8.5 - Sample Means and Variances

Let's now spend some time clarifying the distinction between a population mean and a sample mean, and between a population variance and a sample variance.

Situation

Suppose we are interested in determining \(\mu\), the mean number of hours slept nightly by American college students. Because the population of American college students is so large, we can't possibly record the number of hours slept by each American college student.

How can we determine the value of the population mean if the population is too large to measure it?
We could take a random sample of American college students, calculate the average for the students in the sample, and use that sample mean as an estimate of the population mean. Similarly, we could calculate the sample variance and use it to estimate the population variance \(\sigma^2\)

Let's take a look!

Now, all we need to do is define the sample mean and sample variance!

Sample Mean

The sample mean, denoted \(\bar{x}\) and read “x-bar,” is simply the average of the \(n\) data points \(x_1, x_2, \ldots, x_n\):

\(\bar{x}=\dfrac{x_1+x_2+\cdots+x_n}{n}=\dfrac{1}{n} \sum\limits_{i=1}^n x_i\)

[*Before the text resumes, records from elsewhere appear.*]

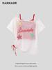 Camiseta de Manga Corta con Parche de Mariposa Retro Americano con Hombros Descubiertos para Mujer Verano Tirante Asimétrico Sexy Hombro Inclinado Camiseta Top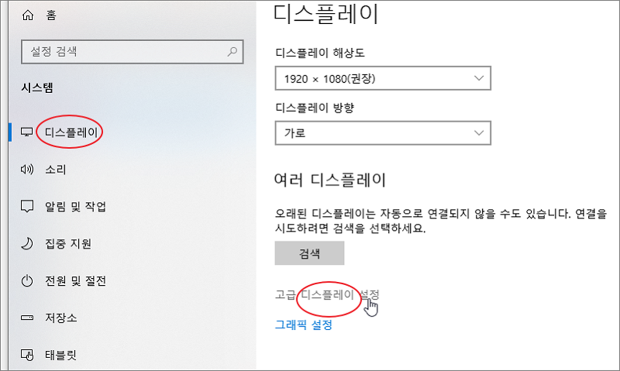 ▼ 디스플레이 옵션 화면이 나타나면 오른쪽 화면으로 가서 아래로 갑니다. 그리고 [고급 디스플레이 설정] 메뉴를 찾아 클릭합니다.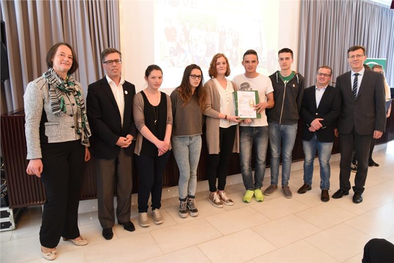 Nach der Präsentation der Übungsfirmen-Highlights des aktuellen Schuljahres nahmen die 20 zertifizierten Übungsfirmen die begehrte Qualitätsmarke aus den Händen von Schulamtsleiter Peter Höllrigl entgegen.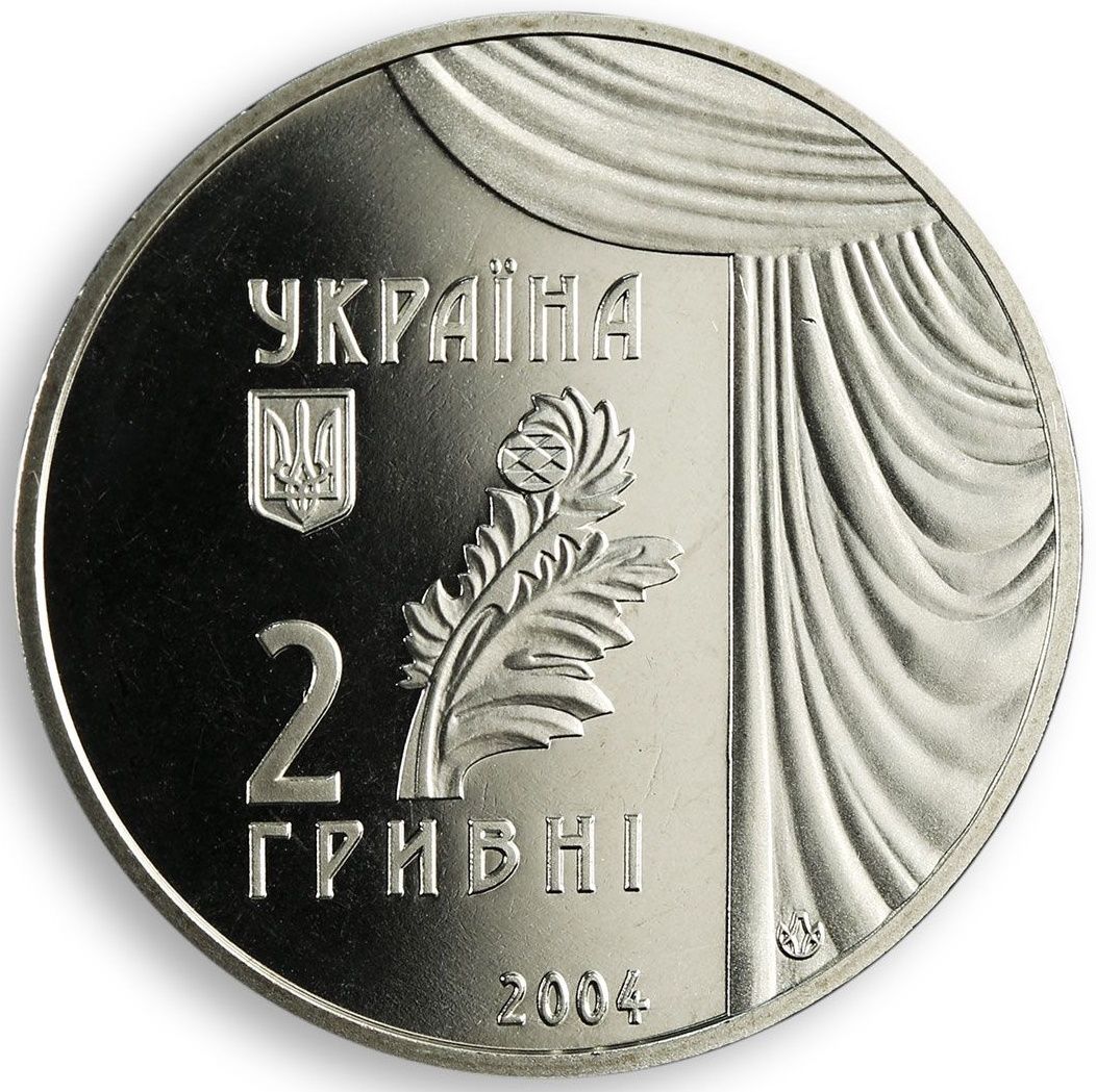 Опис: На гладкому тлі зображено невеликий Державний герб України та написи: УКРАЇНА (Україна) (вгорі) та 2 ГРИВНІ (2 гривні) / 2004 (внизу); у центрі зображено стилізовану квітку; праворуч ця композиція обрамлена сценічною завісою. На аверсі монети також розміщено логотип Монетного двору Національного банку України.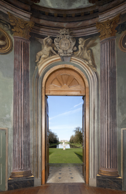 Vue à travers une porte ornée sur des jardins majestueux
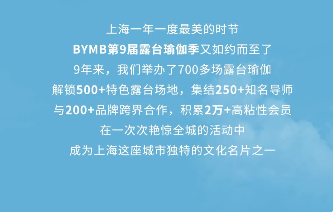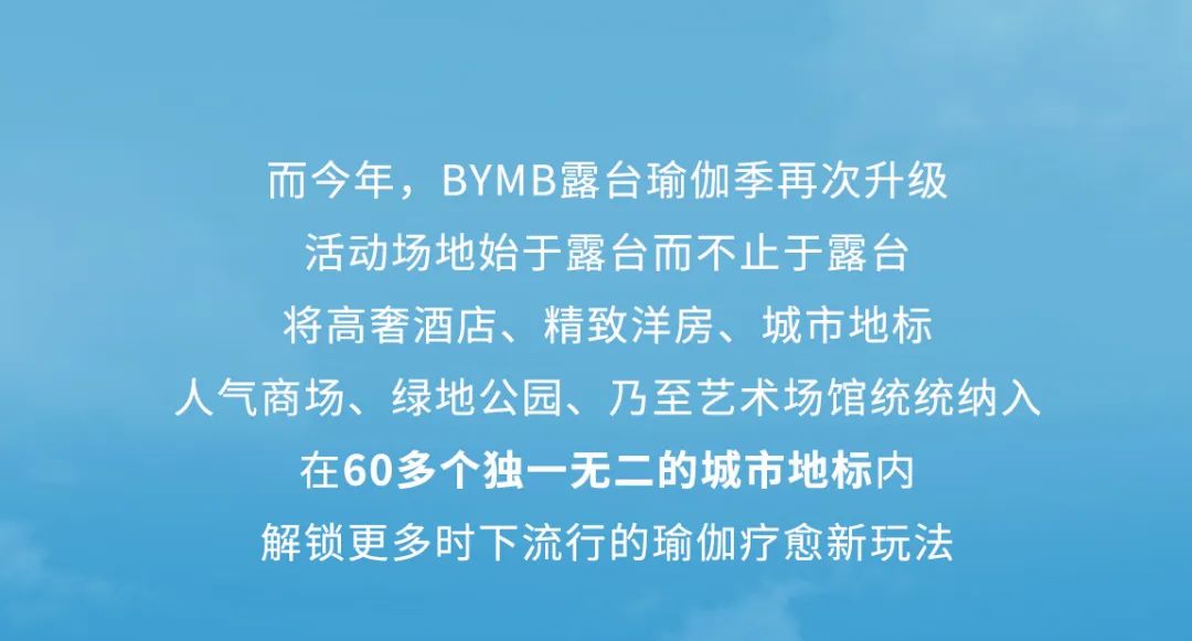 每一年露台瑜伽季,BYMB都致力于发掘更多的活动场地,不断探索、升级瑜伽新玩法,创造更多更丰富更有趣的瑜伽体验,这也是每届露台瑜伽活动都能充满惊喜,让BYMB的会员们深刻体会瑜伽魅力的内因。

The sample mean summarizes the "location" or "center" of the data.

Example 8-18 Section

A random sample of 10 American college students reported sleeping 7, 6, 8, 4, 2, 7, 6, 7, 6, 5 hours, respectively. What is the sample mean?

Solution

The sample mean is:

\(\bar{x}=\dfrac{7+6+8+4+2+7+6+7+6+5}{10}=5.8\)

Sample Variance

The sample variance, denoted \(s^2\) and read "s-squared," summarizes the "spread" or "variation" of the data:

\(s^2=\dfrac{(x_1-\bar{x})^2+(x_2-\bar{x})^2+\cdots+(x_n-\bar{x})^2}{n-1}=\dfrac{1}{n-1}\sum\limits_{i=1}^n (x_i-\bar{x})^2\)

Sample Standard Deviation

The sample standard deviation, denoted \(s\) is simply the positive square root of the sample variance. That is:

\(s=\sqrt{s^2}\)

Example 8-19 Section

A random sample of 10 American college students reported sleeping 7, 6, 8, 4, 2, 7, 6, 7, 6, 5 hours, respectively. What is the sample standard deviation?

Solution

The sample variance is:

\(s^2=\dfrac{1}{9}\left[(7-5.8)^2+(6-5.8)^2+\cdots+(5-5.8)^2\right]=\dfrac{1}{9}(27.6)=3.067\)

Therefore, the sample standard deviation is:

\(s=\sqrt{3.067}=1.75\)

Theorem

An easier way to calculate the sample variance is:

\(s^2=\dfrac{1}{n-1}\left[\sum\limits_{i=1}^n x^2_i-n{\bar{x}}^2\right]\)

Proof

Example 8-20 Section

A random sample of 10 American college students reported sleeping 7, 6, 8, 4, 2, 7, 6, 7, 6, 5 hours, respectively. What is the sample standard deviation?

Solution

The sample variance is:

\(s^2=\dfrac{1}{9}\left[(7^2+6^2+\cdots+6^2+5^2)-10(5.8)^2\right]=3.067\)

Therefore, the sample standard deviation is:

\(s=\sqrt{3.067}=1.75\)

We will get a better feel for what the sample standard deviation tells us later on in our studies. For now, you can roughly think of it as the average distance of the data values \(x_1, x_2, \ldots, x_n\) from their sample mean.